Image copyright © by Marcus Trahan

The Brave One

(2007)

I don’t understand the title. I guess it’s brave to come out of your apartment after a brutal mugging that leaves you near death and your fiancée dead, when you’re having panic attacks the moment you reach for the doorknob … but having a gun helps a lot. There’s really nothing brave about putting a gun in the face of a worthless piece of shit and pulling the trigger. Satisfying, sure, but not brave.
Most of us think about revenge. (I’d say all, but there are people who really believe in turning the other cheek. I’m not one of them.) You’d like to think it would be satisfying, and it certainly can be, but probably not if it involves killing someone, no matter how richly they deserve it. Unless you’re a certain kind of person who is not bothered by killing, and I have to think they’re fairly rare. I don’t believe they are all psychopaths, but many of them are, or at least they’re people who are incapable of feeling empathy. Charles Bronson, in Death Wish, seemed to suffer no qualms at all about cleaning up New York City, and Bernard Goetz was apparently bothered only by the lifelong hassle he incurred by plugging those assholes on the subway. Death Wish was probably a dishonest movie … but damn, it was a lot of fun. I remember getting a visceral delight in seeing these monsters blown away. Naturally, to get that delight, the screenwriters have to make the monsters into the absolute worst, most despicable, sub-human creatures who ever lived, the sort of people most of us would no more miss than metal rabbits in a shooting gallery.

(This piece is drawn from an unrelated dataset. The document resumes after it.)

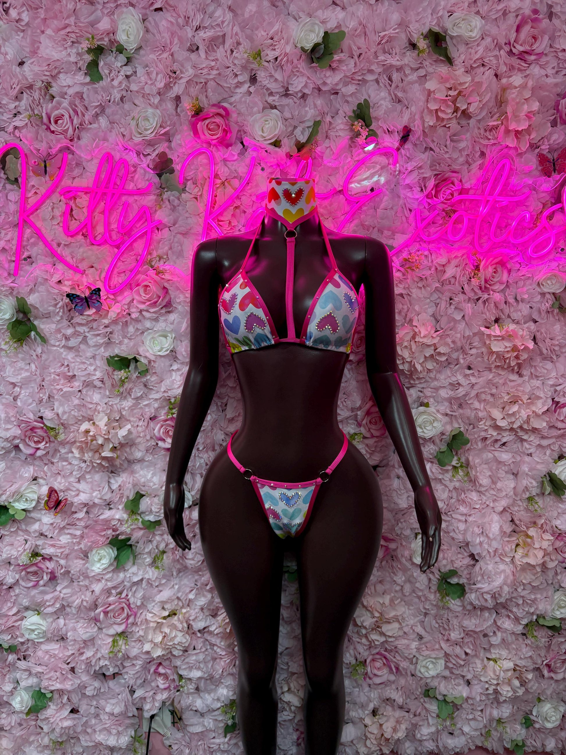Valentines Day Sexy Lingerie Costume Red Heart Bikini Chocker Romantic Dancewear Outfit Exotic Dancer & Bottle Girl Set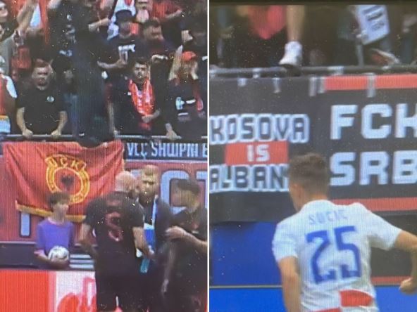 Nije to sve, ponovo su u centru pažnje bile i zastave na tribinama... Na jednoj od njih pisalo je "Sjedinjene albanske države", što pokazuje jasnu teritorijalnu pretenziju na zemlje u komšiluku, druga je bila posvećena terorističkoj organizaciji "UČK", odnosno OVK, a na trećoj je pisalo da je "Kosovo" albansko!

In this movie Jodie Foster tries for more honesty, showing the price a formerly peaceful vigilante pays for her clean-up campaign. But of course her final targets are the very murderers who killed her fiancée … and stole her dog, too! And that seems unlikely. Even more unlikely is the ending, as Terence Howard (who is a man to watch; he’s very, very good) does something … well, that’s a spoiler.
And damn it, bottom line, it would be a lot more fun if she enjoyed it more. Yeah, I know, she probably wouldn’t … but she has one great Clint Eastwood Dirty Harry line. She’s just hit this scumbag with a crowbar, undoing thousands of dollars of dental work, and the guy sputters through his blood: “Are you a cop?” And she snorts, and says, “You wish.” Meaning, a cop couldn’t do what I’m about to do to you. Loved it.